Sunday 20 October 2019

Thirteen blue flags lost after tougher tests on water quality

Treacy Hogan

THIRTEEN top Irish beaches have lost their coveted Blue Flag status because of new tougher water quality standards.

Stricter new EU bathing standards introduced this year led to the huge wave of losses.

Ireland only received 74 blue flags – a drop of 13 on last year's total.

A further 12 beaches also lost Green Coast awards because of the higher standards.

Stripped of blue flags are Skerries South Beach, Donabate, the Brook Beach Portrane, the Velvet Strand Portmarnock (all Co Dublin), Ballybunion North beach, Co Kerry, White Strand Miltown Malbay and Lahinch, Co Clare, and Ceibh an Spideal in Galway.

Others who lost their 2012 blue flags as they did not even apply this year are Dollymount, Dublin, Morriscastle, Co Wexford, Bunmahon in Co Waterford, Redbarn, Garryvoe, Garretstown and Barleycove, Co Cork, and Old Head in Co Mayo.

Mullaghmore in Co Sligo could not be awarded the flag as there are ongoing issues with livestock roaming on the main beach area, "creating an unsafe environment for beach users".

Three new blue flags were awarded to Killiney and Seapoint in Dublin and the Royal Cork Yacht Club marina in Cork.

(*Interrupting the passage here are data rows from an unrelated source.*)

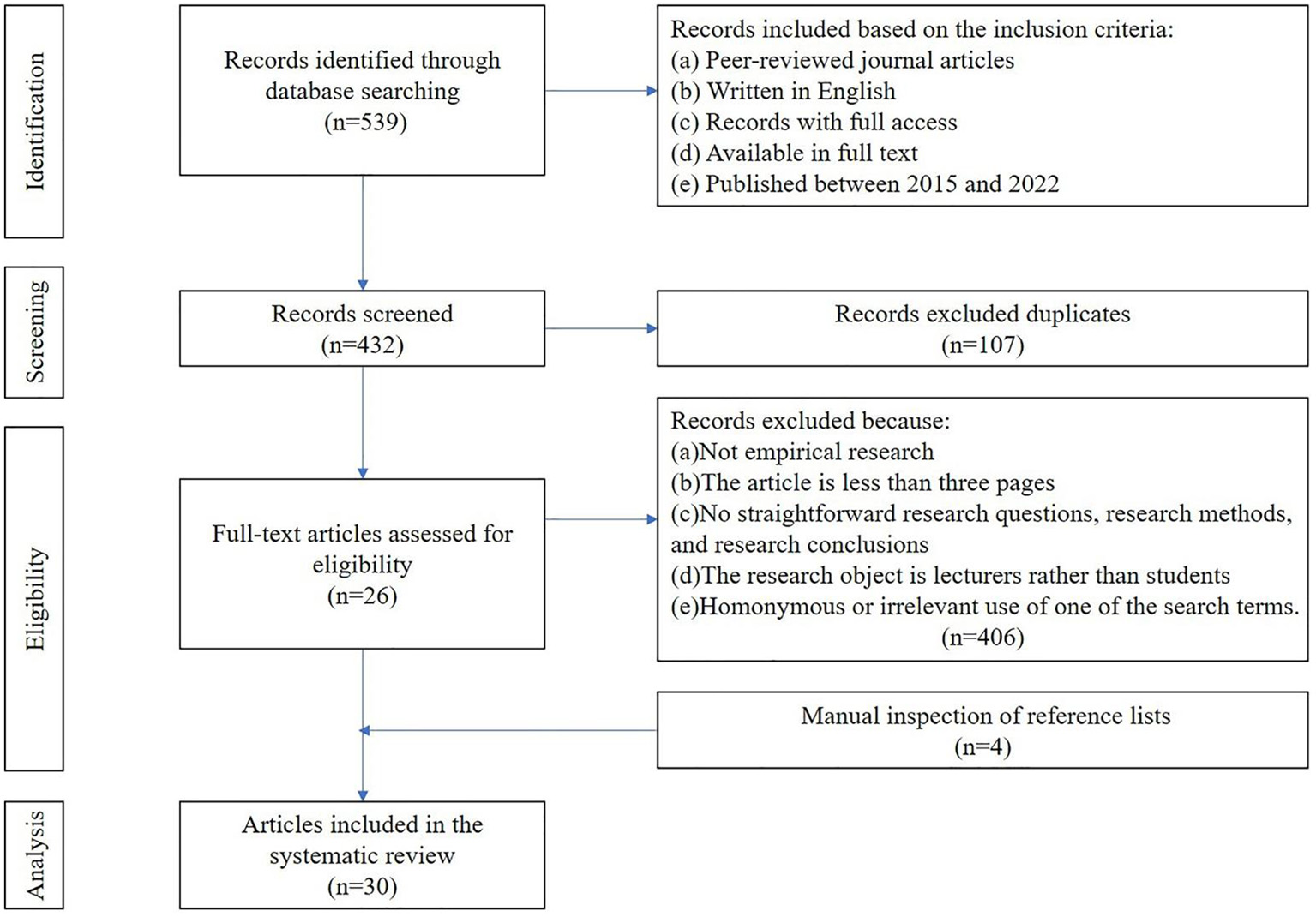 In total, 539 articles were retrieved from the five online databases. Figure 1 illustrates the articles selection process, the number of articles retained at each stage, and reasons for article exclusion. Thirty articles that met the selection criteria were included in the final analysis.
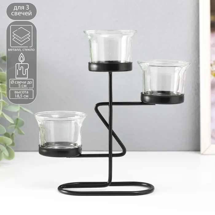 Подсвечник металл, стекло на 3 свечи "Кривая линия" d=2-5 см чёрный 16х6х18,5 см
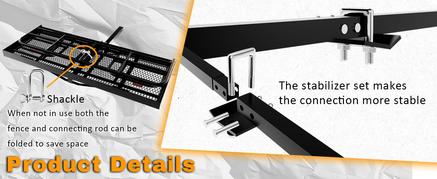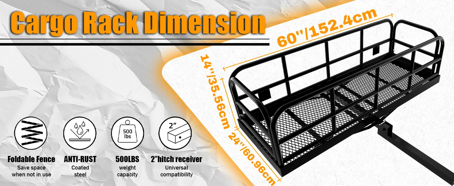 【Larger Capacity】-The tow hitch storage rack adds about 10 ft²of storage space to your vehicle,which could fit all the essentials you need for a road trip or camping.Cargo hitch carrier’s size is available in 6"or 14.4" heights.The hitch rack's guardrail also makes sure the safety of luggage
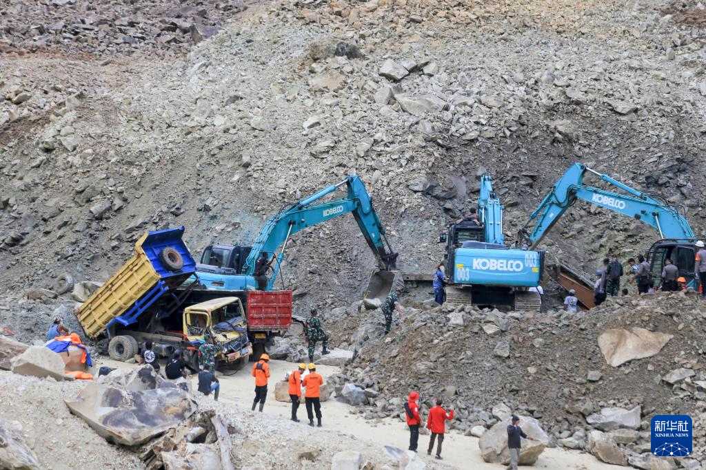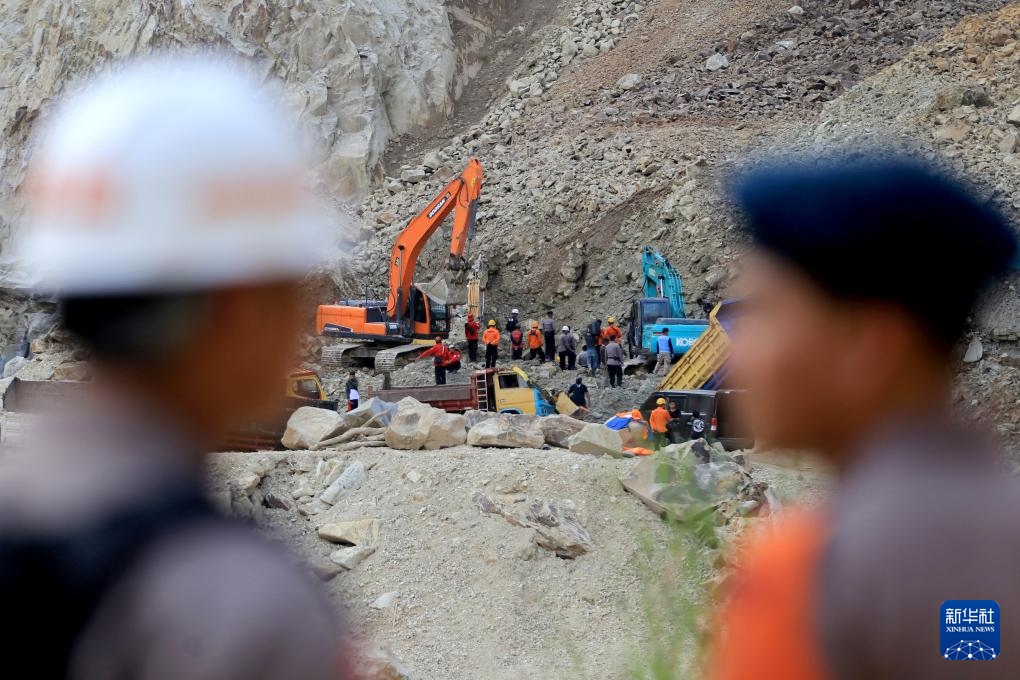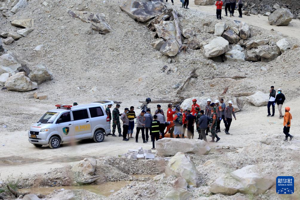 5月30日,在印度尼西亚西爪哇省井里汶,搜救人员在事发采石场开展救援工作。
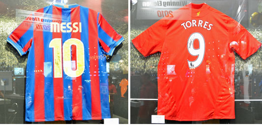 リオネル・メッシ選手とフェルナンド・トーレス選手のサイン入りユニホーム
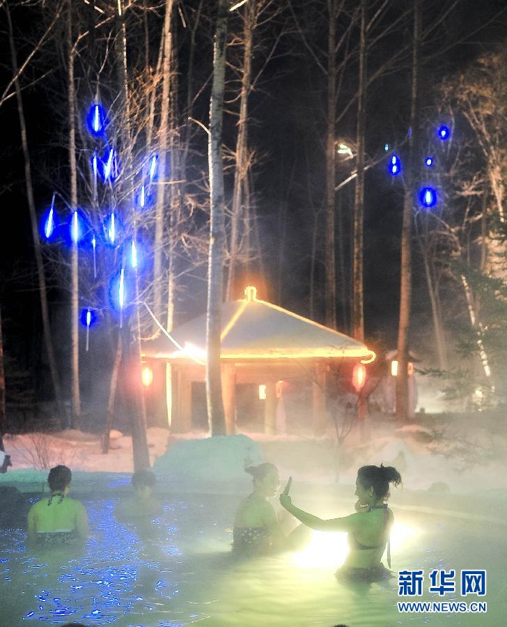 临近春节,吉林长白山进入冰雪旅游的最佳观赏体验季。在零下20摄氏度的天气中赏雪景、泡火山温泉,吸引了众多游客前来体验“冰火两重天”的奇妙感受。新华社记者许畅摄
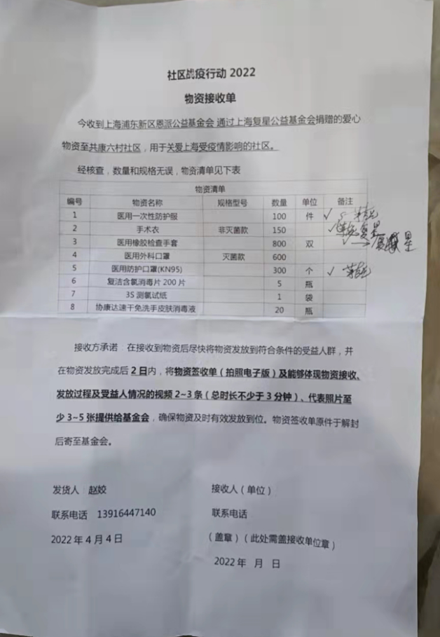 ▲潍坊新村志愿者负责人深夜签字的临时签收单
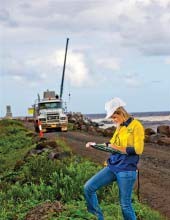 The location of the works required management of environmental conditions and associated safety risks due to minimal space on the breakwater.
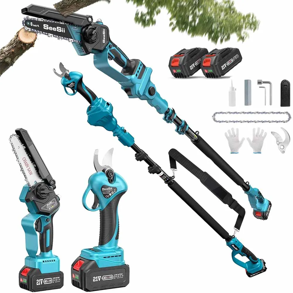 Seesii Seesii – ciseaux électriques 3 en 1, 33MM, pôle télescopique de 2.8m, scie à chaîne de 6 pouces, outil d'élagage de jardin à branches hautes pour broche de batterie Makita 18V
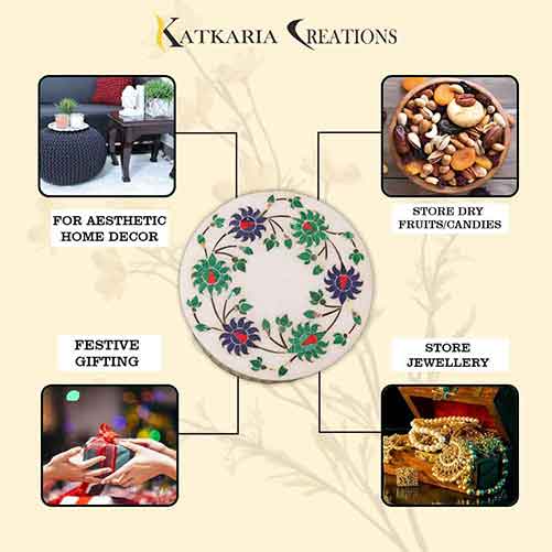 Great For storing jewellery, gifting and décor Total Dimensions in (Inches) -4? L X 4? W X 1.75? H, Weight: 600 gms Store your knick knacks in this beautiful marble box. Material – White Marble and semi precious stones. Perfect for your dressing rooms/tables to store fine jewellery pieces.
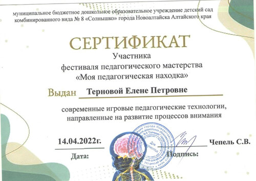Главная | Наша жизнь | Фотогалерея | Терновая Алена Петровна | Мои достижения | Сертификат Терновая ЕП

Despite massive investment in a sewage treatment facility at Ringsend, Dublin received just two blue flags in total.

Donegal got 13, the biggest number awarded to any county this year.

The beaches which lost Green Coast Awards as well, because they failed to comply with the stricter new bathing water criteria, were: Skerries South Beach, the Brook Beach Portrane, Balcarrick, the Velvet Strand Portmarnock, all in Co Dublin, Mornington, Co Meath, Silverstrand, Co Mayo, and Ladies Bay, Co Donegal.


Arklow South beach in Wicklow lost its award due to non-compliance based on insufficient water sample numbers.

Applications were not received this year from last year's Green Coast award holders at Dollymount and Malahide, Dublin, and Garryvoe and Fountainstown in Cork.

Newtown Cove, Co Waterford, and Cross beach, Louisburgh, Co Mayo, regained their Green Coast awards.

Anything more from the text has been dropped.